Im Grunde eignet es sich durch seine Vielseitigkeit besonders für Musiker (die sich früher keine B3 leisten konnten oder die mittlerweile Rückenprobleme haben ;-).

Der Entwickler dieses Boards ist der c't Redakteur Carsten Meyer, der viel Erfahrung mit Hammond Orgeln mitbringt, da er diese früher repariert und getuned hat.
Wie bei vielen guten Produkten kommen hier zwei Dinge zusammen: sehr gutes technisches Know-How, was die verwendeten elektronischen Bauelemente angeht, plus jahrelange Erfahrung mit den alten Hammond Orgel Modellen.

Es gibt natürlich noch andere "Hammond-Clones", von Korg, Roland und sogar von Hammond-Suzuki selber, die meiner Meinung nach aber klanglich nicht an den HX3 herankommen.

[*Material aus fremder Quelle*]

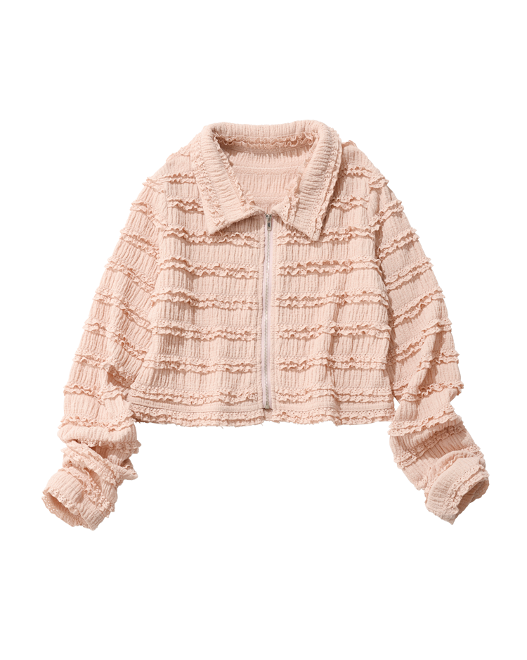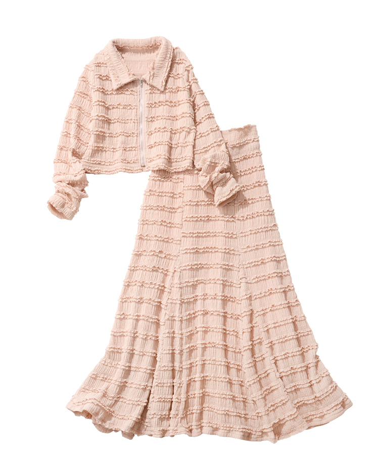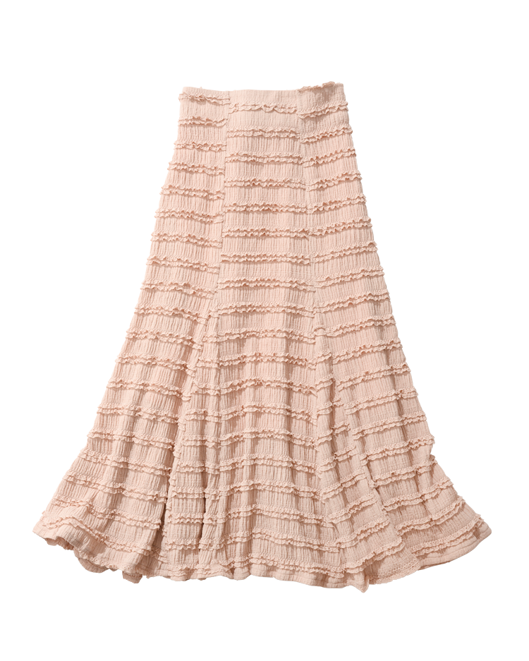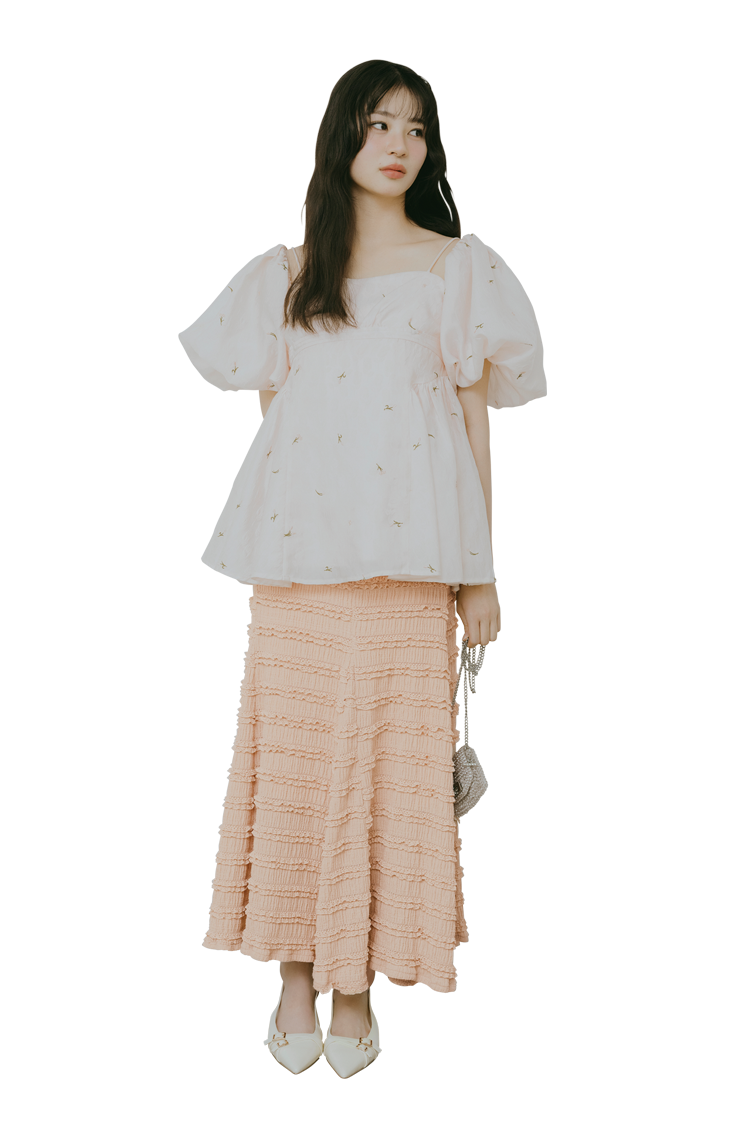 可愛さと品のよさを備えたピンクのセットアップ。全体にあしらわれたフリルが、女性らしさを加速。ガーリーもキレイめも◎。
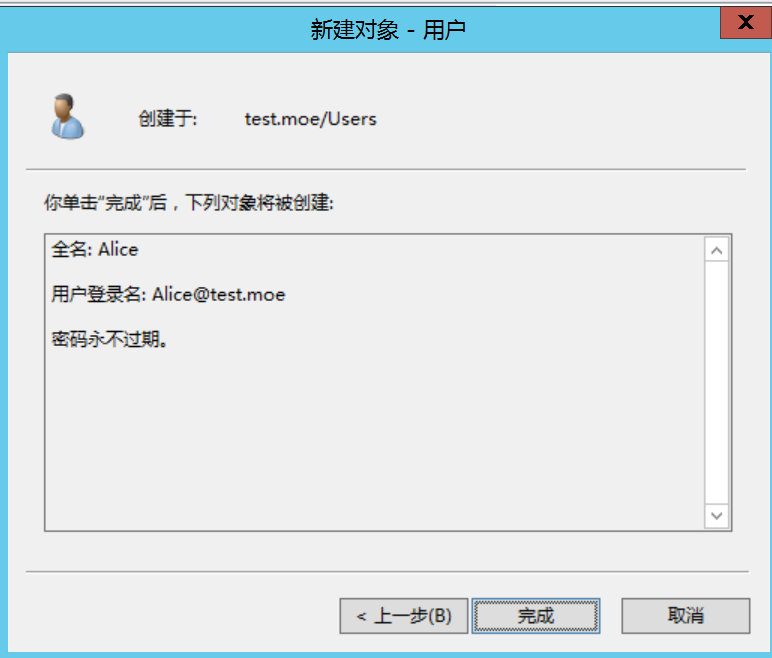 选中 Users 目录右键,新建-用户,设置新用户 Alice,密码永不过期,密码设置为 c 4%@aEWo

Wenn er nicht über MIDI betrieben wird, hat man ein sehr direktes Spielgefühl und die Anzahl der gleichzeitig spielbaren Tasten ist unbeschränkt (so wie bei den Original Hammonds auch). Wie hat jemand so schön geschrieben: "Es fühlt sich gut an."
Werden Tastaturen des Herstellers Fatar verwendet, wird der HX3 sogar anschlagdynamisch! Für die Orgel selbst ist das naturgemäss nicht so wichtig und wurde nur sehr dezent implementiert, aber man kann sehr gut (über MIDI) andere Sounds dynamisch spielen.